The good news is that cultures can change, and sometimes rapidly. Examples are plentiful of rapid cultural change, for better or worse. And this is where anyone hoping to promote democracy where it has never existed must begin. Positive cultural changes cannot be imposed, but they can be encouraged. Simply removing constraints is a good first step: dismantling the machinery of censorship, removing barriers to the importation of ideas. The next step is to nurture free discussion, to establish the principle that refutation is a better response to pernicious ideas than repression. And sometimes you do have to exercise power: those voicing unpopular opinions may need to be protected from others intent on silencing them by violence.

Finally, of course, all human institutions are fallible and require maintenance. Installing a democracy is only the beginning. Good institutions require constant supervision, vigilance, tinkering, criticism and adjustment.

That’s the real battle in Iraq, and everywhere else.

Sunday, July 8, 2007

Family Secrets

Mob-watchers are enthralled with the so-called “Family Secrets” trial going on now in Chicago. On trial are a handful of broken-down old men who twenty or thirty years ago were among the most feared gangsters in Chicago history. They include Frank Calabrese, Sr. who is suffering the special indignity of hearing his brother and his son testify against him. Now that’s an unhappy family. If you have any illusions left about the glamor of organized crime after The Godfather and The Sopranos, this trial ought to take care of them.

The Outfit ain’t what it used to be, its power much reduced by RICO, Greylord and ongoing federal pressure. Nowadays, a Chicago organized crime expert told me, “Outfit guys want their sons to become investment bankers, because that’s where the money is.”

There, and in drugs. The big money these days flows to the black and Hispanic gangs who control the drug trade.

History repeats itself. Prohibition spurred gang warfare, made Al Capone a millionaire and entrenched his successors in the Chicago power structure. Now the G.D.’s and the Vice Lords shoot it out over drug markets on our streets and a handful of Colombian thugs have become world-class tycoons. We looked at what Prohibition did, coughed to cover our embarrassment and ended it, but so far the penny hasn’t dropped with regard to our current drug laws.

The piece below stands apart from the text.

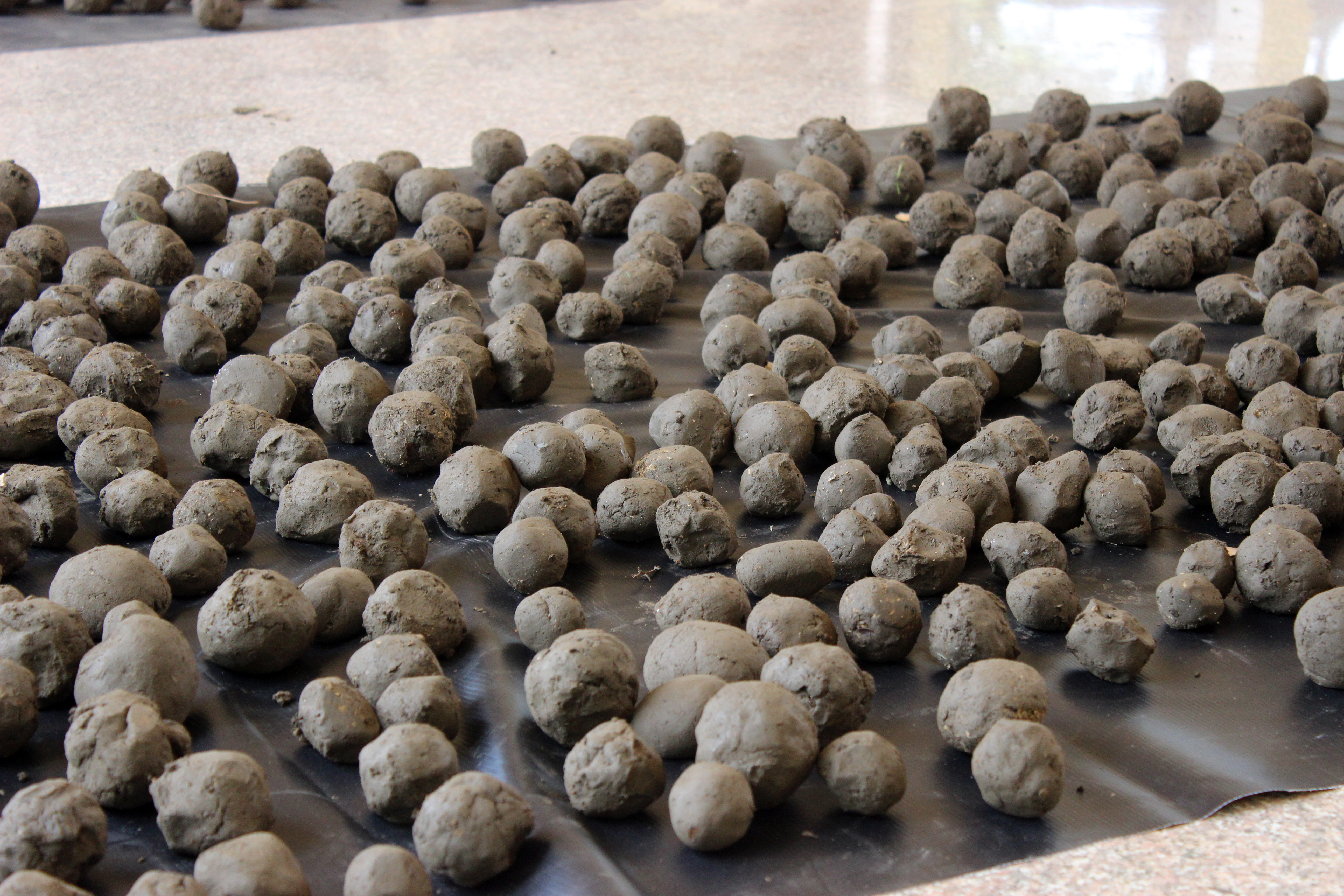 Activities for making Mud Seed ball in Bhopal

Here’s a conjecture for you: organized crime feeds off vice laws. Not the activities themselves—rather, the fact of their being illegal. That illegality is the lifeblood of organized crime. Now, it should be clear that there have always been thugs and always will be. Absent prohibition, it’s unlikely that Al Capone and Sam Giancana would have opened a bookshop or gone to med school. They would have remained what they were—thieves and predators. But it is also unlikely that they and their associates would have attained the wealth and power that they did. It was Prohibition—which made the trade in alcohol suddenly much more lucrative and insured that it would be controlled by the most ruthless elements in society—that made Capone wealthy and made Chicago a synonym for gang violence. And it was the criminalization of the hitherto non-criminal (and not essentially violent) business of selling people alcohol that undermined the rule of law and fatally corrupted Chicago’s institutions.

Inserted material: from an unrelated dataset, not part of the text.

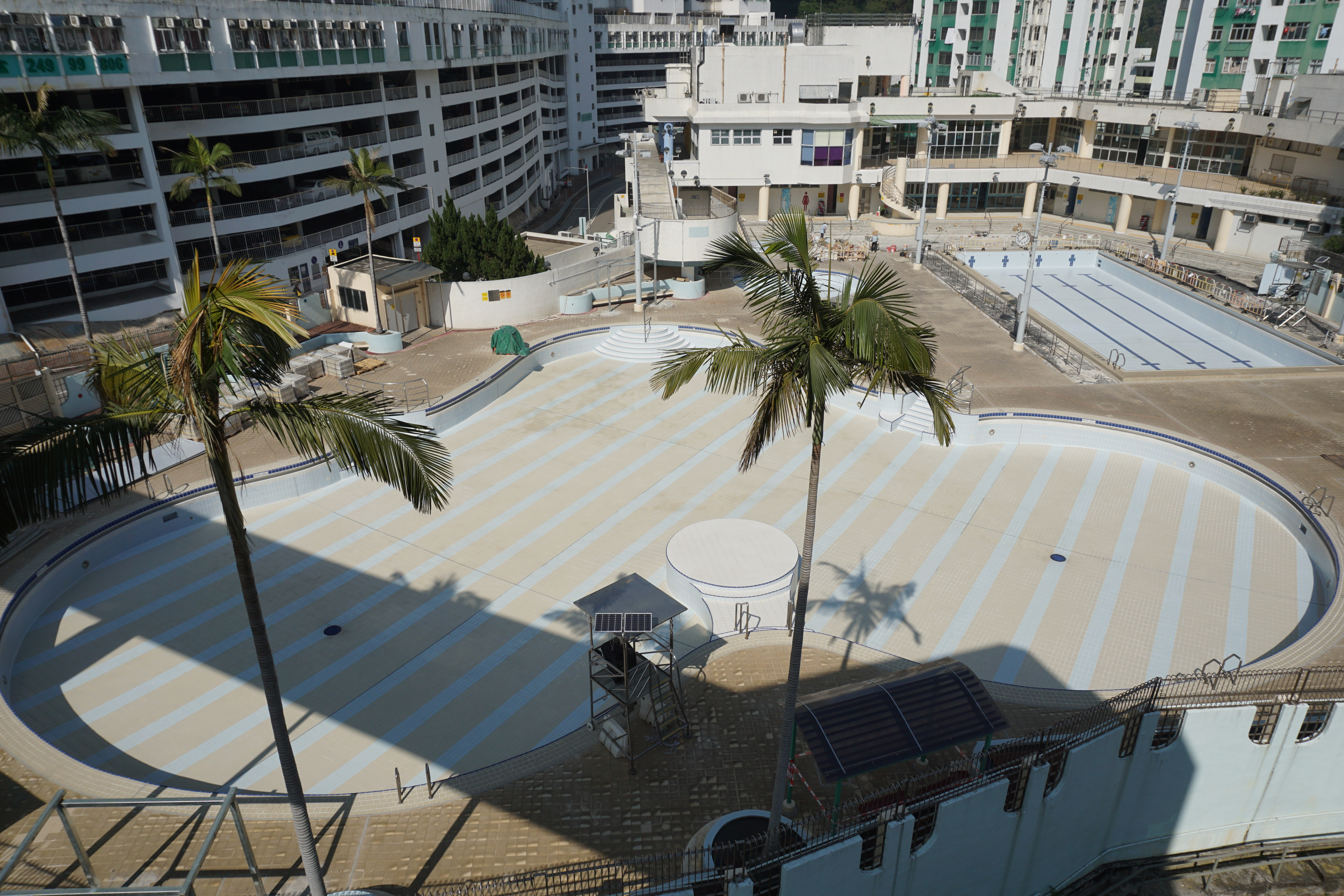 Tsuen King Circuit Wu Chung Swimming Pool in Tsuen Wan, Hong Kong.

Vice is always in demand. It may not be good for us, but we can’t seem to do without it. Most of us can indulge the occasional guilty urge without crippling our lives; some of us can’t. The casualties make the prospect of eliminating vice seem attractive. It’s not easy to watch a life blighted by alcoholism or see a man destroy his marriage by dalliance with prostitutes. So we pass laws to criminalize vice, under the delusion that banned objects and activities magically disappear. What happens? Vice laws put criminals in control of the traffic. They insure high profit; they put the trade squarely in the hands of precisely those elements that care the least about the law. Vice laws make thugs rich.

And what is the effect on the institutions that are there to enforce the law? Overworked cops decide that policing other people’s private needs is not worth the trouble. They note that there is no coercion involved in a transaction between a dealer and his customers and wonder why they should bother to disrupt it. The temptation to accept a gratuity for allowing consensual transactions to proceed becomes significant. Corruption spreads. The prestige of the law suffers.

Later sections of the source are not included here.